It's been 20 years now (!), that's incredible. Well you have to understand it was a kind of occasion. It seemed like everyone was there. Nureyev and Makarova were there; everywhere you looked there was someone else well known. I lived not far from Covent Garden and I had a lot of people asking me to get tickets for them. When I got into one of the two ticket lines (don't know if they have two lines anymore but they did then), I remember a man in the next line getting to the window and announcing to the ticket seller, "I'll have two tickets for (whatever night it was), IF you think she will be there", which I found rather amazing, but then some people are just that way. There had been absolutely no "talk" about any difficulties with her; a Royal Ballet corps member I knew told me that she was quite pleasant and worked very hard.

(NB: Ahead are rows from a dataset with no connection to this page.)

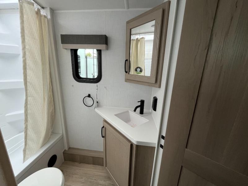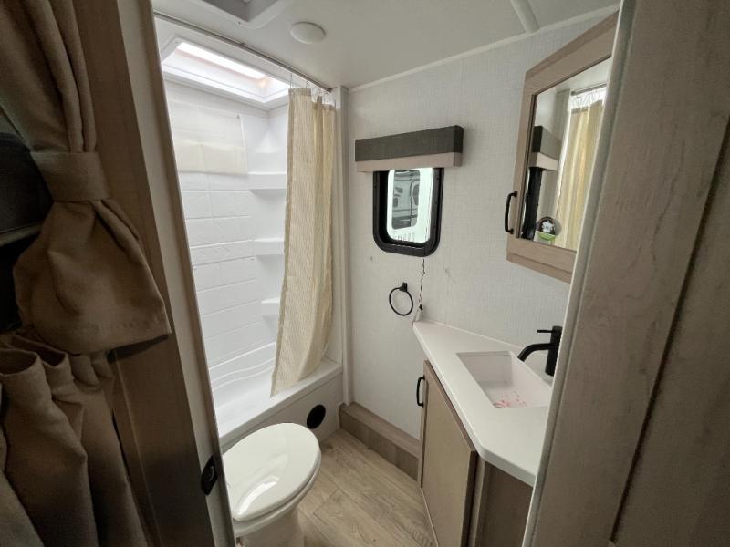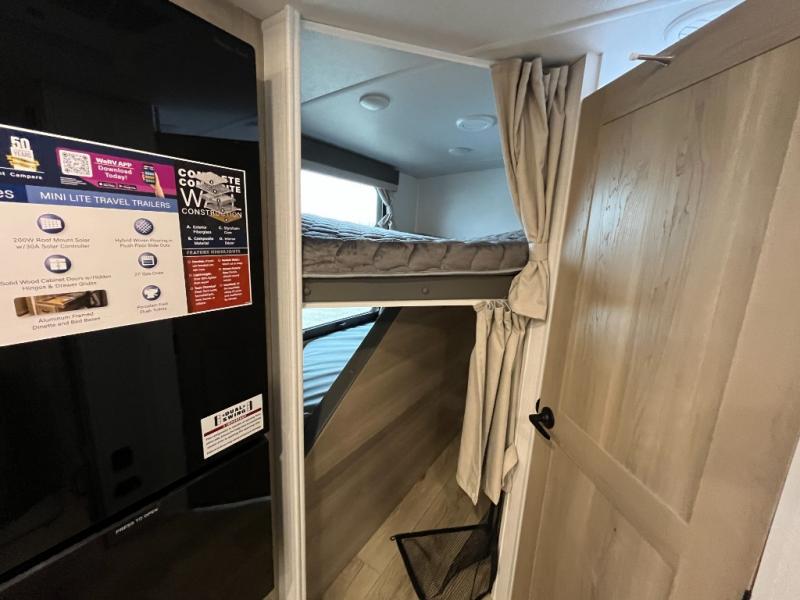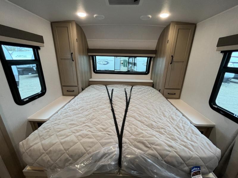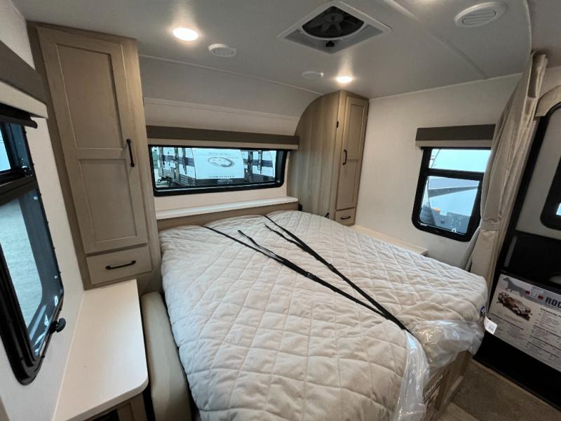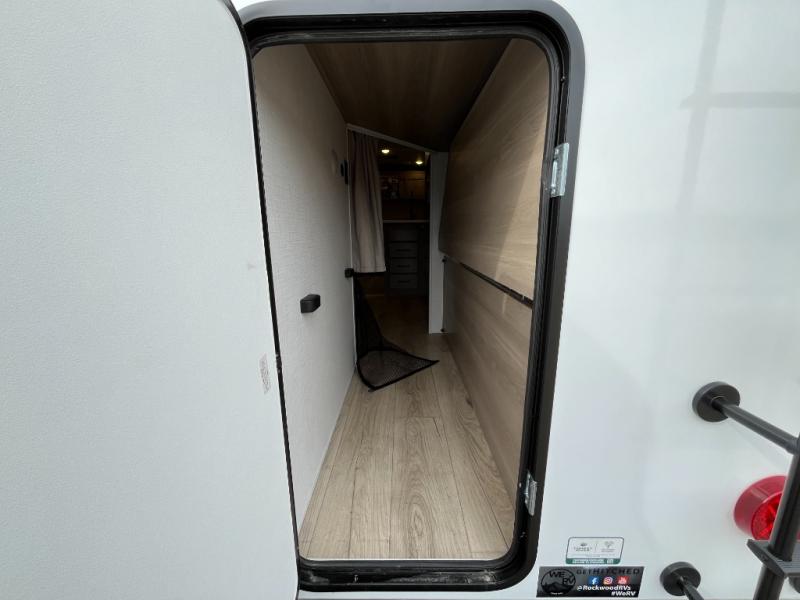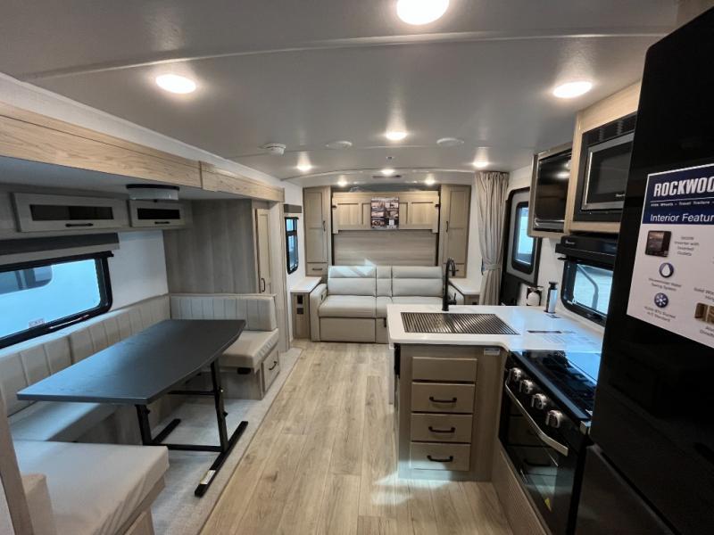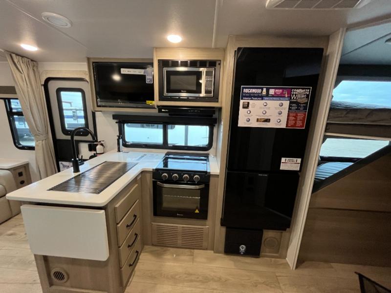 Each Rockwood Mini Lite travel trailer by Forest River is constructed with a fully laminated one-piece walkable roof, sleek frameless windows, and a six-sided full aluminum frame for strength and durability. The 12V thermostatically controlled heated tanks, plus radiant foil in the underbelly and slide out floors will allow you to camp well into the colder months, and the 200W roof solar panel will be perfect for a little off-gridding. Each model includes solid surface kitchen countertops, solid wood cabinet doors, night roller shades, plus many more interior features. Having an AIR 360+ omnidirectional antenna with WiFi prep on board gives you the option to get some work done if it's needed, and the power tongue jack provides hassle-free set up, so you can enjoy more time relaxing!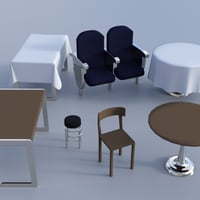 Props - basic table, chair, and table cloth to make any scene into a restaurant. Modular movie theatre chairs to watch a show anywhere. Tableware and dishes. Wearable options for all the glasses, cutlery, and dishes with eating and drinking poses.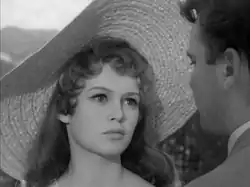 At the audition, Bardot met Roger Vadim, who later notified her that she did not get the role.[35] They subsequently fell in love.[36] Her parents fiercely opposed their relationship; her father announced to her one evening that she would continue her education in England and that he had bought her a train ticket for the following day.[37] Bardot reacted by putting her head into an oven with open fire; her parents stopped her and ultimately accepted the relationship, on condition that she marry Vadim at the age of 18.[38]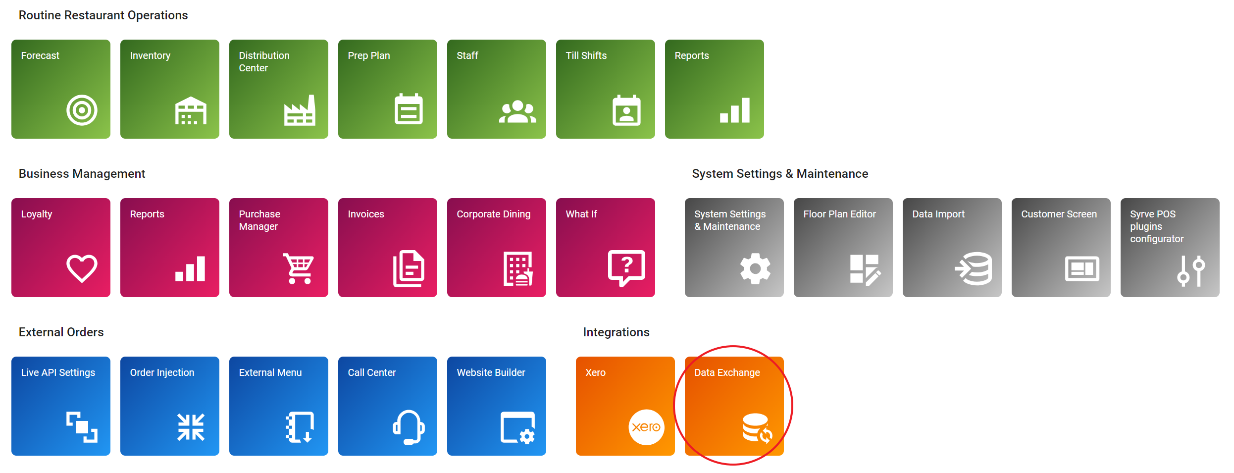 Aplikacja Wymiana Danych znajdująca się w sekcji Integracje na stronie głównej aplikacji Syrve została zaprojektowana do eksportowania zarówno danych sprzedażowych, jak i niesprzedażowych z Syrve do zewnętrznych systemów business intelligence, księgowości oraz innych systemów zarządzania zasobami i planowania, a także do importowania danych z tych systemów.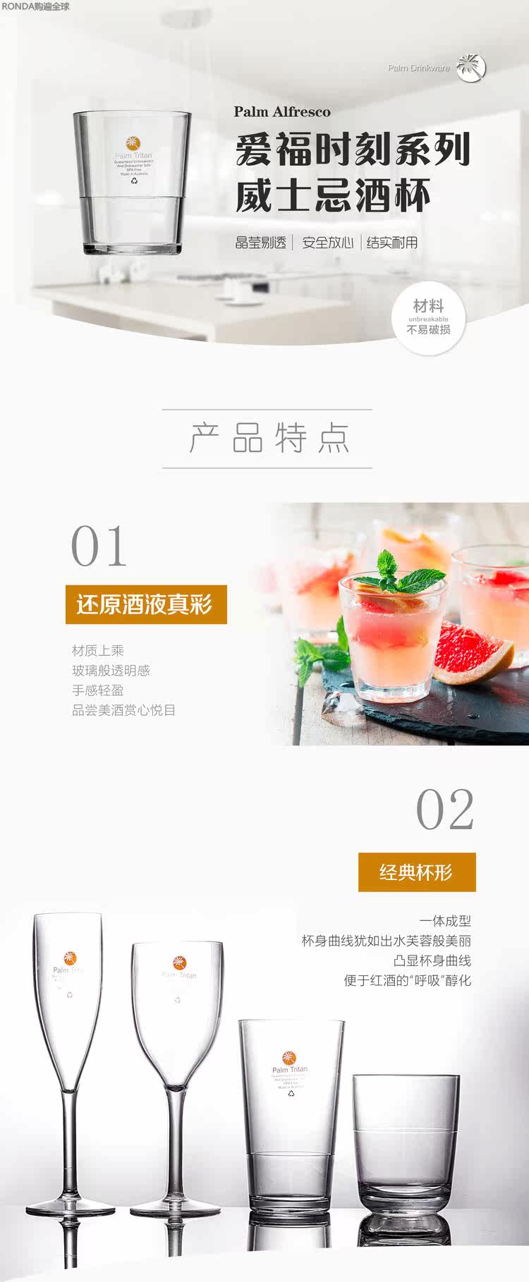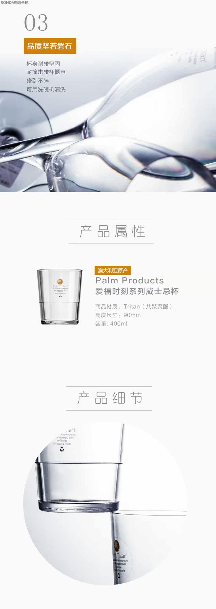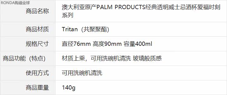Австралия импортированная пальмовая продукция прозрачная и не приготовленная Tritan Whiskey Glass Glass Grange 400 мл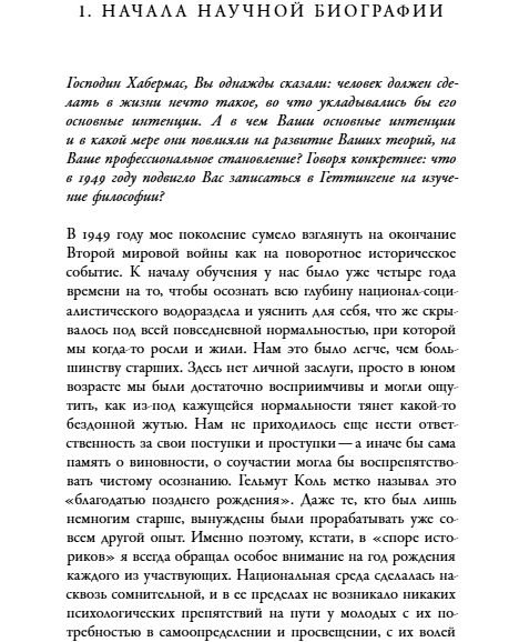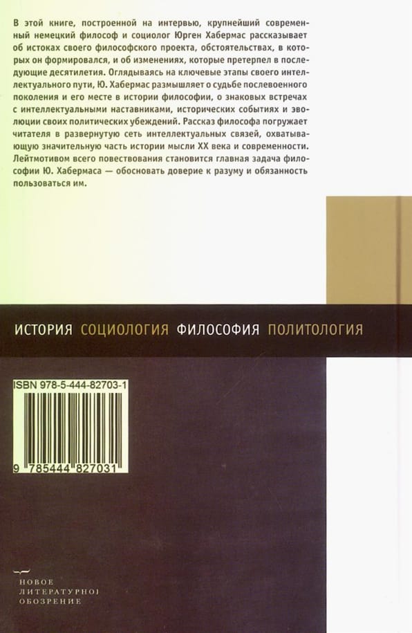 В этой книге, построенной на интервью, крупнейший современный немецкий философ и социолог Юрген Хабермас рассказывает об истоках своего философского проекта, обстоятельствах, в которых он формировался, и об изменениях, которые претерпел в последующие десятилетия. Оглядываясь на ключевые этапы своего интеллектуального пути, Ю. Хабермас размышляет о судьбе послевоенного поколения и его месте в истории философии, о знаковых встречах с интеллектуальными наставниками, исторических событиях и эволюции своих политических убеждений. Рассказ философа погружает читателя в развернутую сеть интеллектуальных связей, охватывающую значительную часть истории мысли XX века и современности. Лейтмотивом всего повествования становится главная задача философии Ю. Хабермаса — обосновать доверие к разуму и обязанность пользоваться им.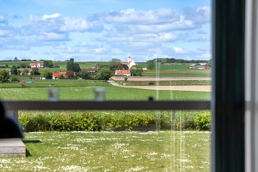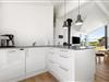 Køkkenet er åbent og har vinduer med udsigt til haven og den østvendte terrasse, hvilket giver et dejligt lysindfald og udsigt over det åbne landskab. Rundt om spisebordet er der god plads til, at I alle kan nyde måltiderne sammen. Når vejret tillader det, kan I via havedøren gå direkte ud på terrassen og spise under åben himmel.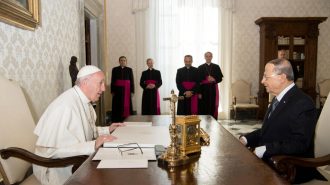 وكالات ـ الرأي ـ بعث البابا فرنسيس، رسالة شكر إلى الرئيس اللبناني، ميشال عون، لمعايدته بعيد الفصح، وفق ما أفادت به الرئاسة اللبنانية. وعلى حسابها في “تويتر”، قالت الرئاسة المزيد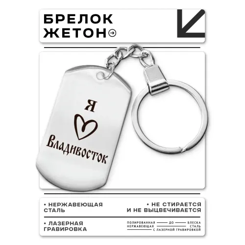 Брелок-жетон сувенирный из полированной нержавеющей стали с гравировкой.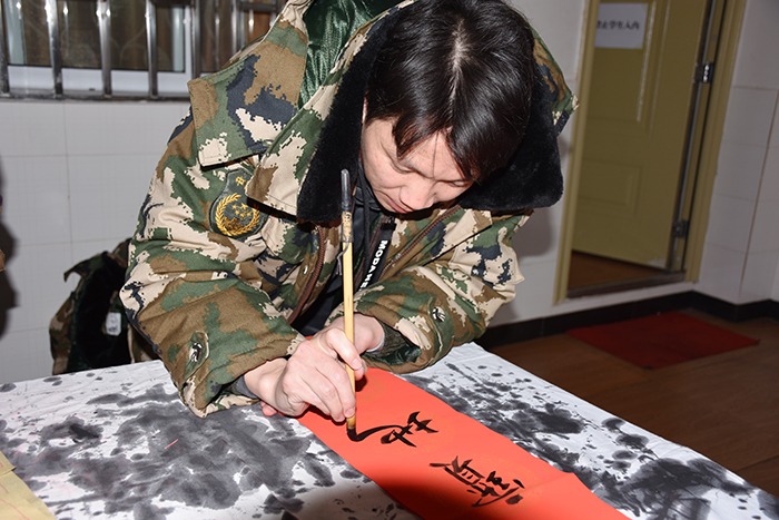當(dāng)書法老師韋昌毅把春聯(lián)準(zhǔn)備好,宣布活動(dòng)正式開始時(shí),孩子們一個(gè)個(gè)躍躍欲試,都準(zhǔn)備大顯身手一番。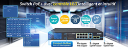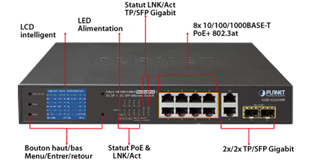 Le PLANET GSD-1222VHP est une solution Power over Ethernet Plug-and-Watch idéale pour une installation rapide, une surveillance en temps réel du statut PoE et un dépannage immédiat grâce à son écran LCD unique qui améliore l’efficacité et la qualité de travail, sans PC ni logiciel.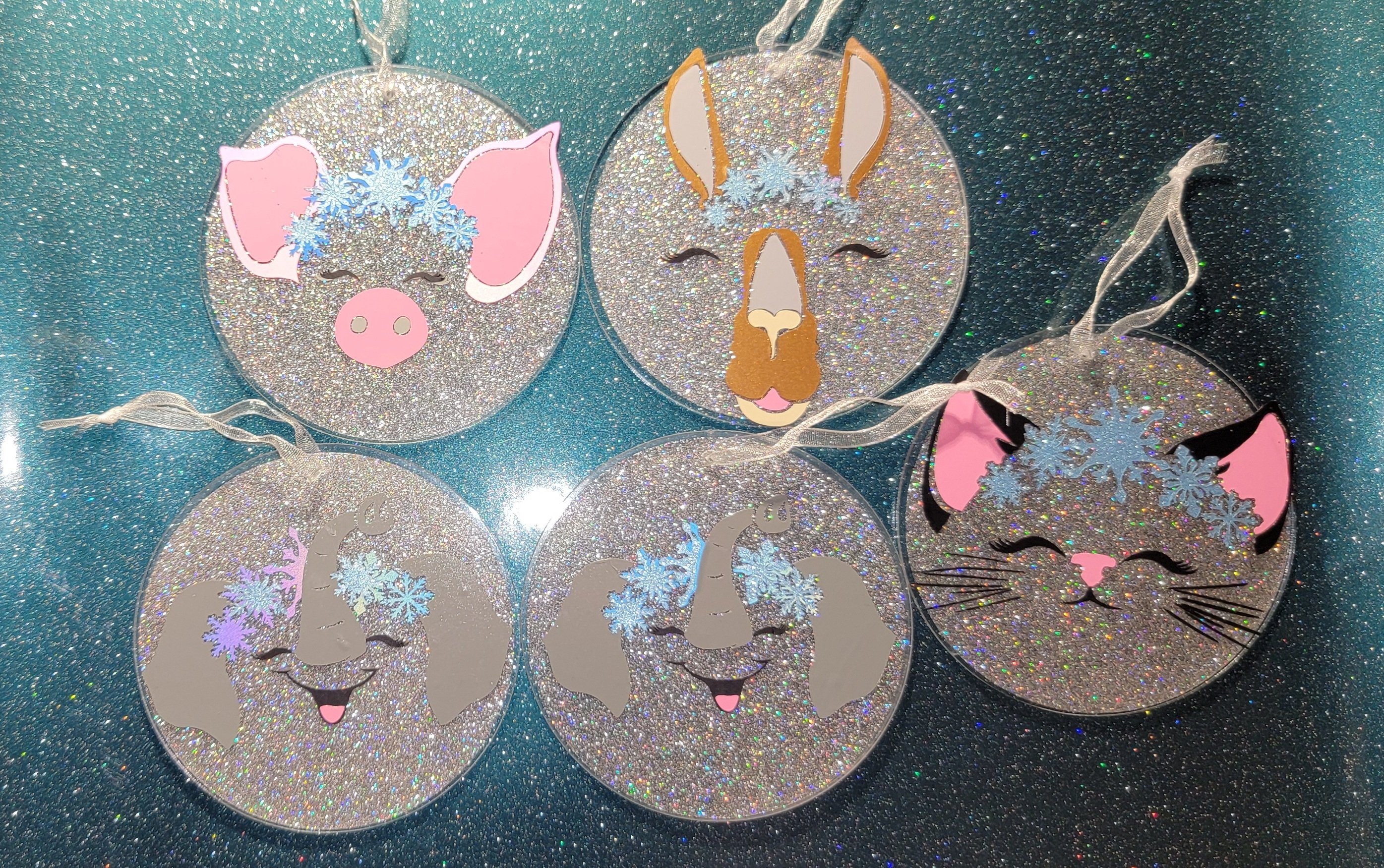 This listing includes the ‘Smiling Animal Faces Snowflakes SVG Bundle' by Harbor Grace Designs.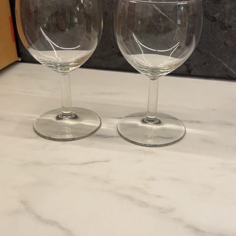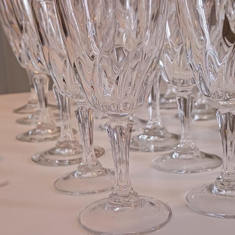 Vi selger et komplett sett med 6 pent brukte, klassiske vinglass. Disse glassene har en tidløs design som passer like godt til hverdag som til festlige anledninger.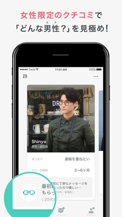 「どんな男性?」がクチコミでのぞける恋活・婚活アプリ、トルテ!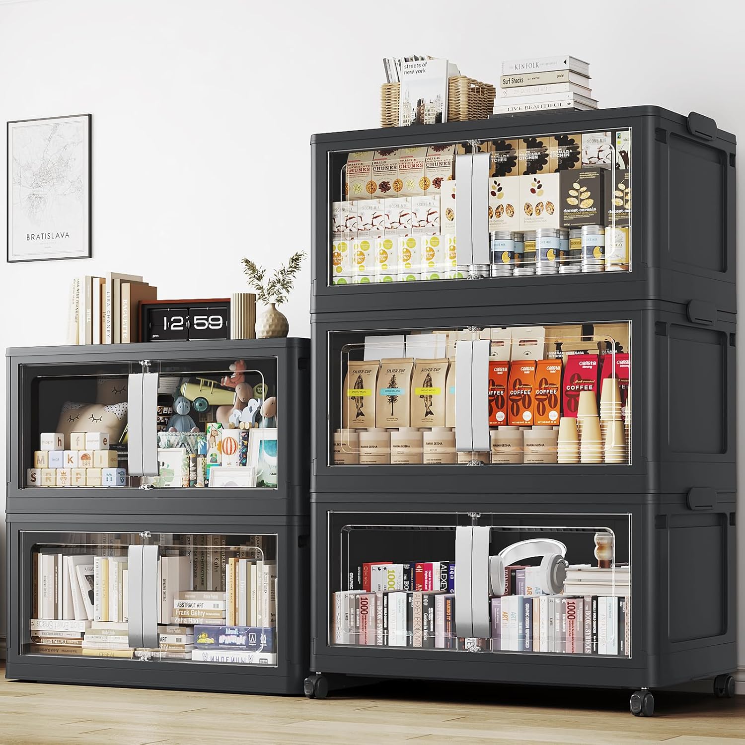 - 【Super Clear Doors & Ease Access】Stackable storage bins with doors open front features super clear PET doors for instant content viewing at a glance. Enjoy effortless one-handed access with the oversized ergonomic handle and secure magnetic closure. Sleek and modern folding storage bins with lids seamlessly complements any contemporary home decor

I had a Stalls Circle seat. I think John Percival (?) wrote later that one of the most amazing things to see was the large numbers of ballet students in the audience, "eyes out on stalks to catch everything", as I think he put it, and indeed there were. The whole company was wonderful, though I have to confess I don't recall who did what other than the 3 principals, don't even remember the Carabosse. Stephen Jeffries was the Prince and Rashna Homji the Lilac Fairy. Gelsey was wonderful from the very first minute to the very end. Technically she was sure and impressive but it wasn't just a performance that was beautifully danced, it was beautifully acted. When she made her first entrance there was such incredible anticipation, certainly because of the occasion, as I said, but you really had to believe that this was an innocent young princess, and her maturing and awakening were just as natural as could be. Like I said, I've never seen such a performance.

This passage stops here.